Get Started Free
‹ Back to courses
Untitled design (21)

Tim Berglund

VP Developer Relations

What Is Apache Kafka?

Apache Kafka is an event streaming platform used to collect, process, store, and integrate data at scale. It has numerous use cases including distributed logging, stream processing, data integration, and pub/sub messaging.

In order to make complete sense of what Kafka does, we'll delve into what an "event streaming platform" is and how it works. So before delving into Kafka architecture or its core components, let's discuss what an event is. This will help explain how Kafka stores events, how to get events in and out of the system, and how to analyze event streams.

What Are Events?

An event is any type of action, incident, or change that's identified or recorded by software or applications. For example, a payment, a website click, or a temperature reading, along with a description of what happened.

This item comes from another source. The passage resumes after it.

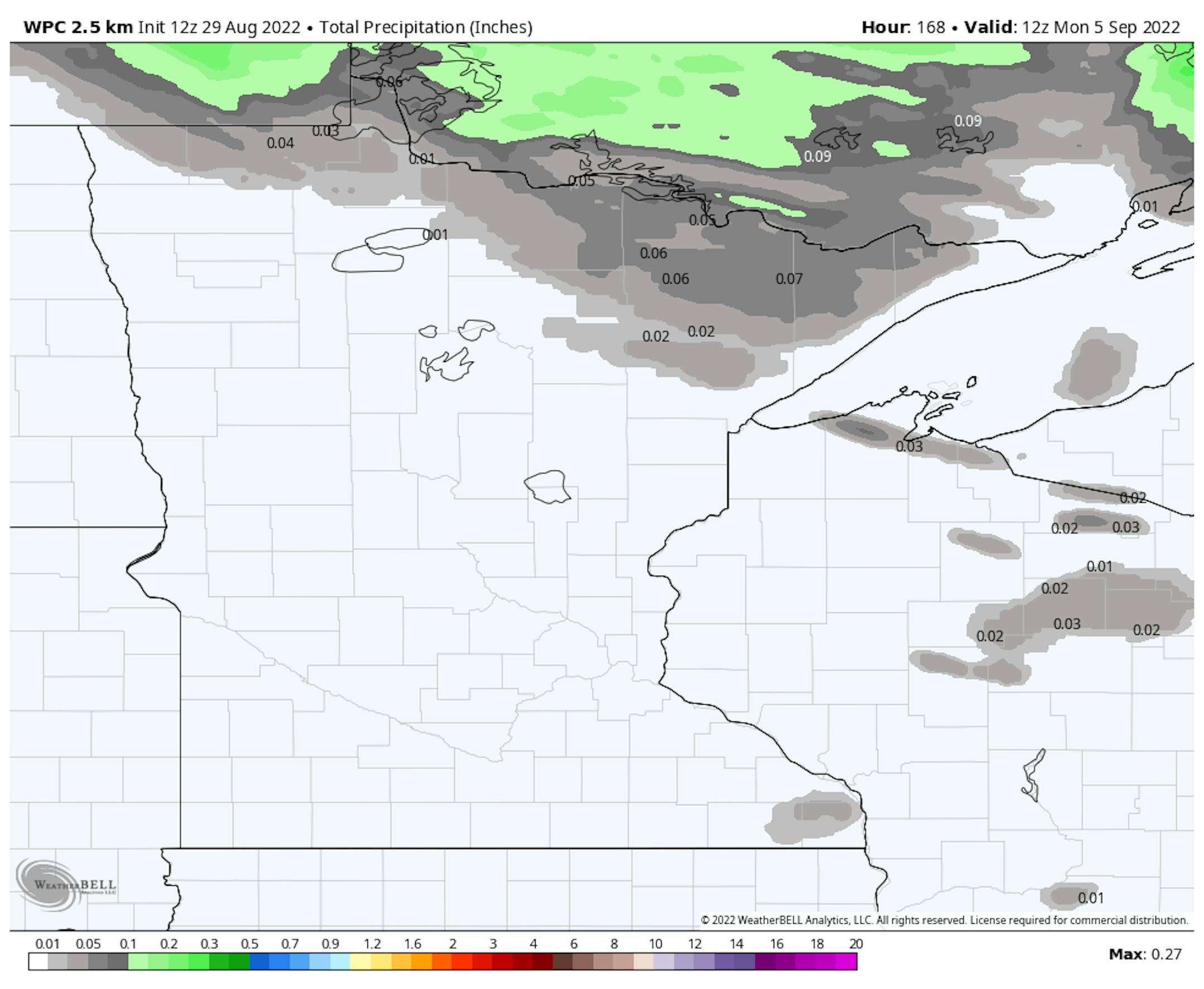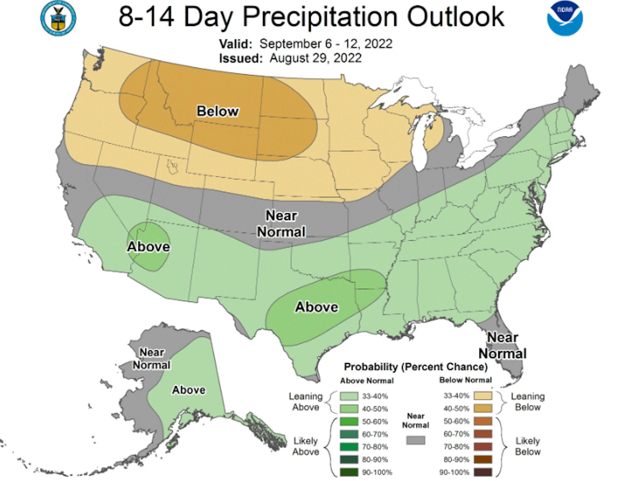 Here's the extended precipitation outlook through Labor Day Monday, which shows mostly dry conditions across the state.

In other words, an event is a combination of notification—the element of when-ness that can be used to trigger some other activity—and state. That state is usually fairly small, say less than a megabyte or so, and is normally represented in some structured format, say in JSON or an object serialized with Apache Avro™ or Protocol Buffers.

Kafka and Events – Key/Value Pairs

Kafka is based on the abstraction of a distributed commit log. By splitting a log into partitions, Kafka is able to scale-out systems. As such, Kafka models events as key/value pairs. Internally, keys and values are just sequences of bytes, but externally in your programming language of choice, they are often structured objects represented in your language’s type system. Kafka famously calls the translation between language types and internal bytes serialization and deserialization. The serialized format is usually JSON, JSON Schema, Avro, or Protobuf.

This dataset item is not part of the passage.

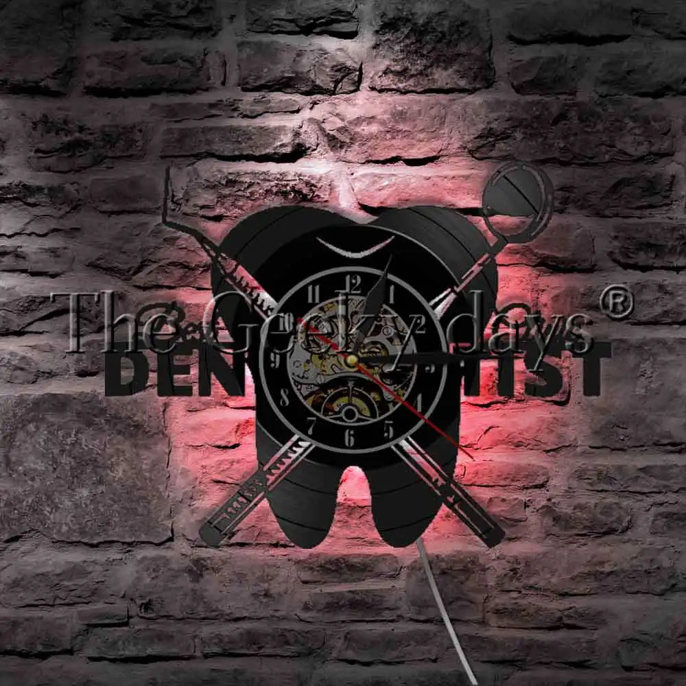 Стоматологическое Офисное оборудование для отбеливания зубов, настенные часы с виниловой пластиной светодиодный Ной подсветкой, декоративное освещение

Values are typically the serialized representation of an application domain object or some form of raw message input, like the output of a sensor.

Keys can also be complex domain objects but are often primitive types like strings or integers. The key part of a Kafka event is not necessarily a unique identifier for the event, like the primary key of a row in a relational database would be. It is more likely the identifier of some entity in the system, like a user, order, or a particular connected device.

This may not sound so significant now, but we’ll see later on that keys are crucial for how Kafka deals with things like parallelization and data locality.

Use the promo codes KAFKA101 & CONFLUENTDEV1 to get $25 of free Confluent Cloud storage and skip credit card entry.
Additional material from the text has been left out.